Reg Butler (1913-1981), Doll (1955)

Butler was fascinated with the female body; in his later works he focused on sculpting young women. The bodies of the women are extremely contorted with the intention of emphasizing the sensuousness of the woman’s anatomy. This sculpture, hands and feet, objectifies the body, much as Barnes does in her 1936 novel, Nightwood. Nightwood was one of the earliest texts to present in detail homosexuality between women. This passage from her book reduces the woman from a person to a body of the earth, with emphasis on her flesh and form, much as Butler does in his sculpture. Django Reinhardt was a revolutionary musician at the time of great popularity – his mysterious melody heard in the video below, “Echoes of Spain,” seems to hint at all things taboo and unknown. This mystique was something that actress Marlene Dietrich capitalized on in her 1930 film Morocco, in which she played a provocative cabaret singer who performs in a man’s white tie and kisses another woman.

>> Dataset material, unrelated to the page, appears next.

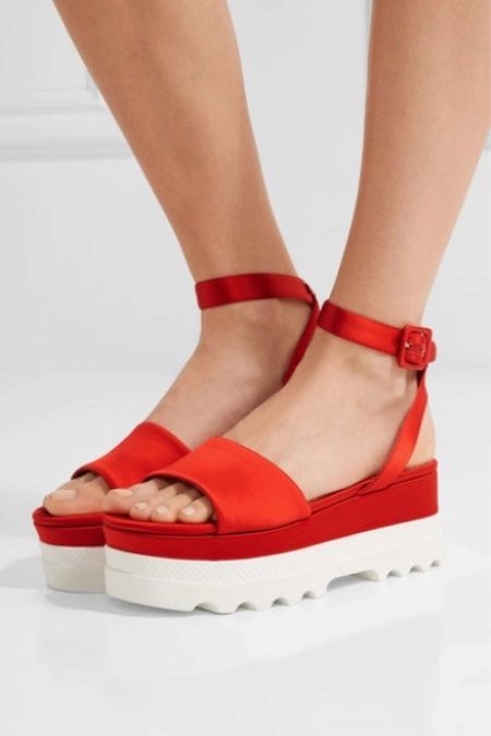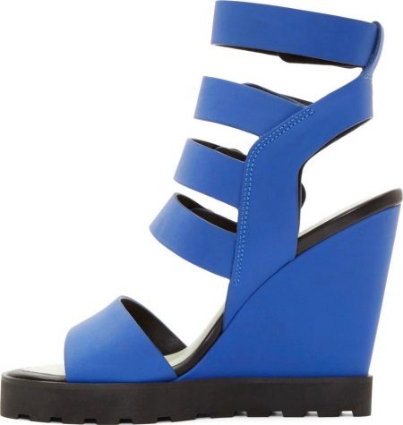 - bright colors are always appropriate in summer looks. Do not get involved in excessive color mixing. So, for example, with a white sole all colors of the rainbow will look good, but not at the same time. A great choice is the black platform. It is less easily soiled and visually lengthens the legs. With black, all shades are also good. Very rarely, but still, there are models with a color platform. The wedge heel in this case can be covered with net or fabric.

“The perfume that her body exhaled was of the quality of that earth-flesh, fungi, which smells of captured dampness and yet is so dry, overcast with the odour of oil of amber, which is an inner malady of the sea, making her seem as if she had invaded a sleep incautious and entire. Her flesh was the texture of plant life, and beneath it one sensed a frame, broad, porous and sleep-worn, as if sleep were a decay fishing her beneath the visible surface. About her head there was an effulgence as of phosphorous glowing about the circumference of a body of water – as if her life lay through her in ungainly luminous deteriorations – the troubling structure of the born somnambule.”